Wednesday, May 26, 2010

The Best Things In Life Return


recent Time Magazine article had a lead stating that nine out of 10 Americans are moderately or very satisfied with their jobs.

I am beamingly happy to say that I am now one of those nine Americans.

After 54 weeks of piecing together part time jobs, mashing schedules of two and three positions like stubborn middle-of-the-puzzle jigsaw pieces, I landed a real, adult, full-time, salaried and benefitted career.

Just two weeks over a year since graduating from the University of Portland, I (siiiiigh) sold my journalism loving and writing soul to the world of marketing.

And after three weeks of writing scripts and taglines and calls to action, I couldn’t be happier. Apparently, 42.29 percent of my fellow advertising cohorts are also like me, very happy.

It’s a bit odd; so many Websites, journals and articles say that the key to happiness isn’t about having a job or money or financial security but I have to admit, after a tumultuous post-graduation year of paycheck to paycheck survival, my happiness increased 10 fold thanks to this job.

Most of those Websites, journals and articles that pop up on Google results say that true happiness comes from inner peace. But who’s to say that having a job you love isn’t a key piece to having inner happiness?

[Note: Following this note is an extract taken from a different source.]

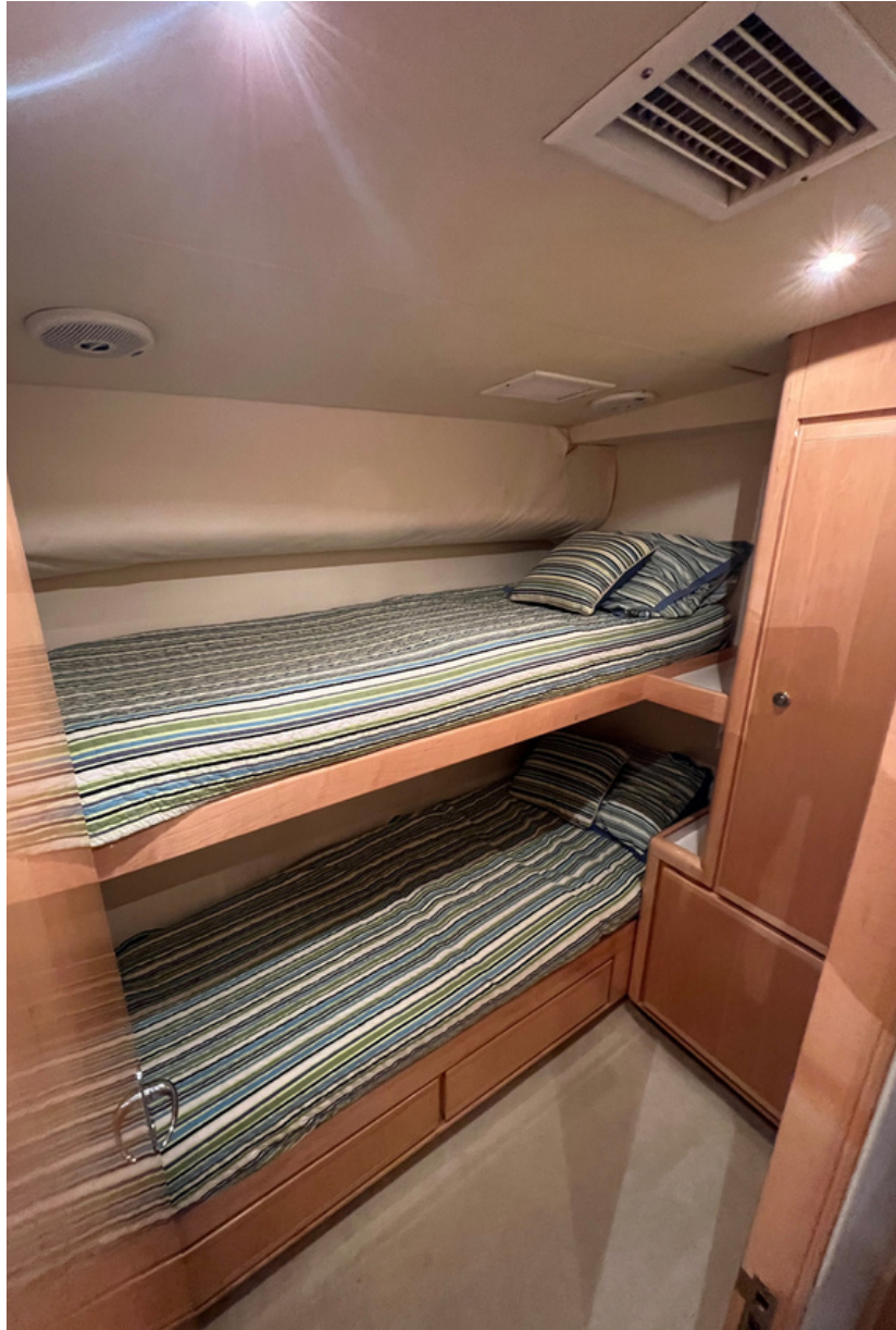
BERTRAM 60 | 24 kn | Guest 8 | Crew 2

If I look back at the first year after graduation, it’s easy to complain, whine and cry that the environment I was so readily tossed into was totally and completely unfair. It wasn’t ready for me (Ahem, 12 percent unemployment in Multnomah County alone) and I wasn’t ready for it (Real world, say whaaaaaa?).

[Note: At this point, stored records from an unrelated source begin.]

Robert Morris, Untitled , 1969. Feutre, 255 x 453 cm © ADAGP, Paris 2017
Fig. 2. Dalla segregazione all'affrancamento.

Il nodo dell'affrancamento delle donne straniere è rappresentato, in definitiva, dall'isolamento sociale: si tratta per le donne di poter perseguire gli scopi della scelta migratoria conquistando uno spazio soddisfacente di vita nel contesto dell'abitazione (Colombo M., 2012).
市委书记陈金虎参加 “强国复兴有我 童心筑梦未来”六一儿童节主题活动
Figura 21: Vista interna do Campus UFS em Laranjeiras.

It’s easy to say that nobody handed me lemons.
It’s easier to say that if, by freak chance, lemons came my way, I never made lemonade.

Rather, for the first time in my life, I morphed into someone who tossed lemons aside when they came,
mistaking them for some type of mirage of bitter nourishment. I became a reactive individual, clamoring to keep my head just enough above the water to take a hopeful deep breath, rather than the proactive go-getter I had spent the last 23 years of my life as.

I found though, that I wasn’t the only person. A colleague at Pottery Barn waited two years before grabbing a secretarial/receptionist position with the Portland Youth Philharmonic (YAY Jason!!!). A fellow UP alumni who graduated in 2005 with a mechanical engineering degree still can’t find a job in his field after being laid off 15 months ago and now toils away in his garden, blogging about his agricultural adventures in unemployment.

Idleness wore us down.  Paycheck-to-paycheck living wore us down. The American Dream? Ha. Inner Peace? Puh-lease.

But like any period of struggle and strife, I admit that I’ve morphed, and perhaps even grown, as a person. For the first time in my life I am truly independent. While I may have resented my parents last winter for letting their baby girl go without a meal or two, I’m thankful that I’ve learned the masterful art of frugality and budget balancing (how many 20-somethings do you know with that talent?). With a bum hip still bumming me out, I transferred my strained love-hate relationship with running into a fascinating hobby of urban walking, checking out my neighborhood with Walker over a cup of coffee.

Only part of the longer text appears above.